Pour trois autres personnes (Mélanie, Cathy, Daniel), les réponses négatives l'emportent, avec une majorité de négations atténuées 815 , soulignant que la prestation, dans l'élargissement des représentations personnelles, n'est pas allée au delà de la connaissance que ces dernières avaient d'elles-mêmes. On peut en trouver l'explication dans leurs paroles mêmes : Mélanie a confié qu'elle suivait une thérapie personnelle ; Cathy, en évoquant sa rupture d'avec son compagnon, a exprimé la profondeur de la crise personnelle qu'elle a traversée ; enfin Daniel, avec plus de distance, a reconnu que la mort de son père avait été l'occasion d'un profond questionnement sur lui-même. Mélanie et Cathy ont élaboré et mettent en œuvre leur projet, qui devra être confronté à la réalité de l'emploi dans le secteur professionnel vers lequel elles se dirigent : la première n'a pu trouver qu'un temps partiel de secrétariat et la seconde devra vérifier, à la suite de sa séparation, sa motivation à reprendre un emploi commercial, lié jusque-là à une situation particulière d'entreprise familiale. Pour Daniel, c'est le statu quo, avec la mise en sommeil de son idée de projet dans l'attente de meilleures conditions ; cependant, il va reprendre sa recherche d'emploi dans son secteur d'origine avec plus de dynamisme, ayant approfondi préalablement une éventualité de changement professionnel qui n'a pas abouti.
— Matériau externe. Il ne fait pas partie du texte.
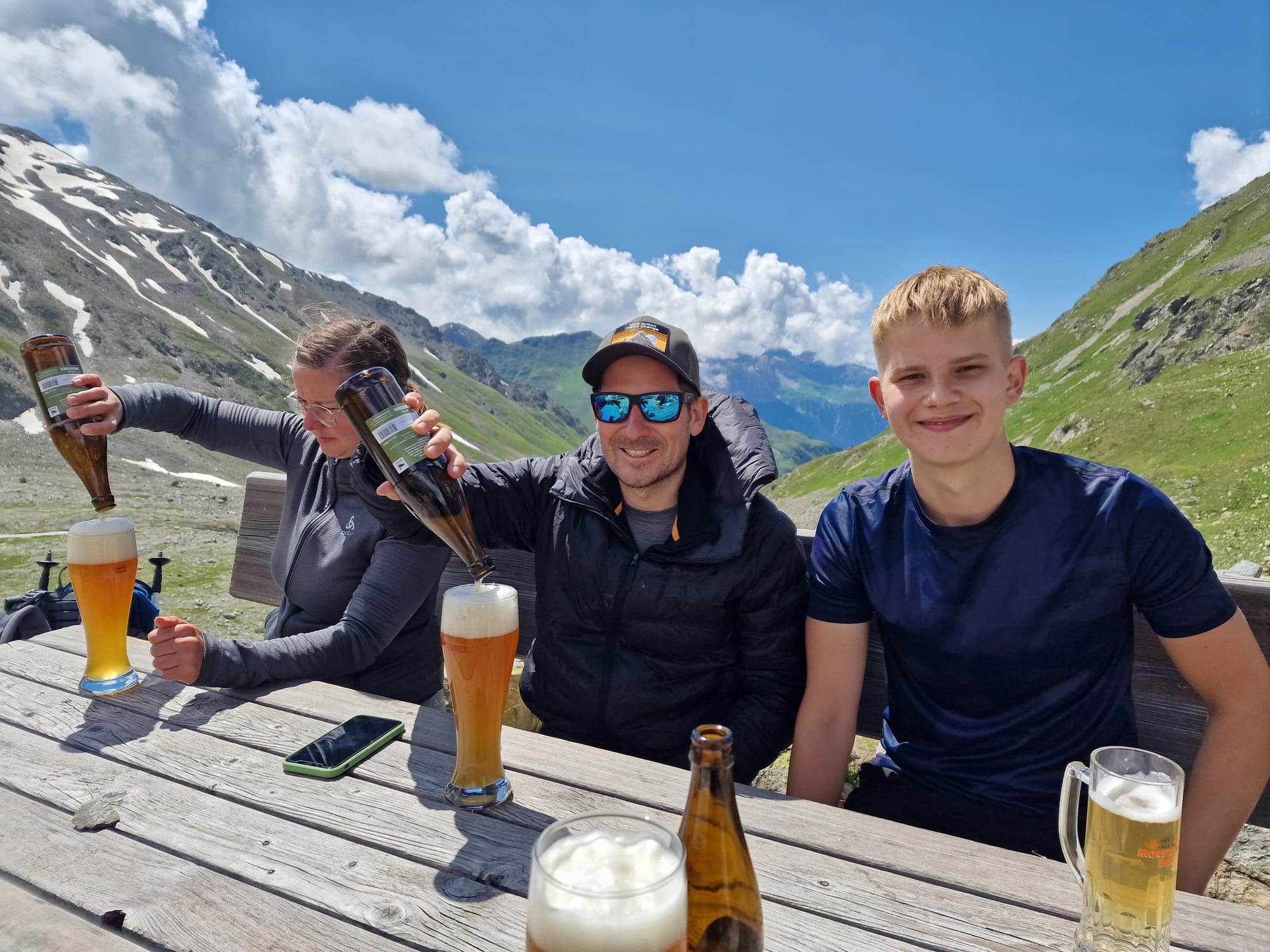 Als wir am Nachmittag unsere Hütte erreichten, war das Wetter inzwischen komplett sonnig und einfach nur schön. Selbstverständlich genossen wir ein kühles Bier in der Sonne und auch am Abend gab wieder Schnapps und leckeres Essen.

Ces exemples montrent que la prestation d'orientation n'a pas conduit à un élargissement des représentations personnelles, non par manque de résultat, mais parce que les personnes n'ont pas eu besoin de ce travail, l'ayant déjà réalisé auparavant, par elles-mêmes, dans le cadre d'un accompagnement psychologique ou simplement d'une réflexion sur elles-mêmes, à la suite d'un évènement personnel pénible, comme une séparation ou la mort d'un proche .
Enfin, pour Fanny, l'absence de réponse à deux questions sur cinq, dénote que, pour elle, l'enjeu de la prestation était ailleurs, principalement dans une relation d'aide plus psychologique. Cela a néanmoins débouché sur un projet qui devrait se concrétiser par une formation en cours du soir en psychologie. À travers cet exemple, nous avons la confirmation que l'élaboration de projet n'est pas uniquement conditionnée par le travail d'élargissement des représentations personnelles. Mais la réalisation du projet pourrait être compromise par un seuil de souffrance intérieure trop élevé.
En conclusion, nous avons pu vérifier que le travail d'exploration de soi est une condition indispensable de l'élaboration de projet, dans la mesure où il n'a pas déjà été effectué dans d'autres circonstances et qu’il répond à un besoin de la personne. Il permet d'approfondir la motivation, puisque, a contrario, il n'a pas lieu d'être quand celle-ci est très forte et fondée existentiellement. En effet, on peut situer le socle du travail de construction de la motivation dans celui de l’exploration de soi, qui fait émerger le ou les désirs. Mais ce travail peut être entravé, annulé, voire perdre toute signification lorsque la souffrance intérieure est trop importante, ce qui ne manque pas d’interroger les pratiques d’orientation exigeant des personnes en grande difficulté un résultat quasi immédiat en terme d’élaboration de projet. C’est une relation de confiance établie dans le temps qui peut, seule, attaquer le mur de la souffrance intérieure. Une lecture plus qualitative, critère par critère, nous permet également de dégager des éléments d’analyse plus fouillés.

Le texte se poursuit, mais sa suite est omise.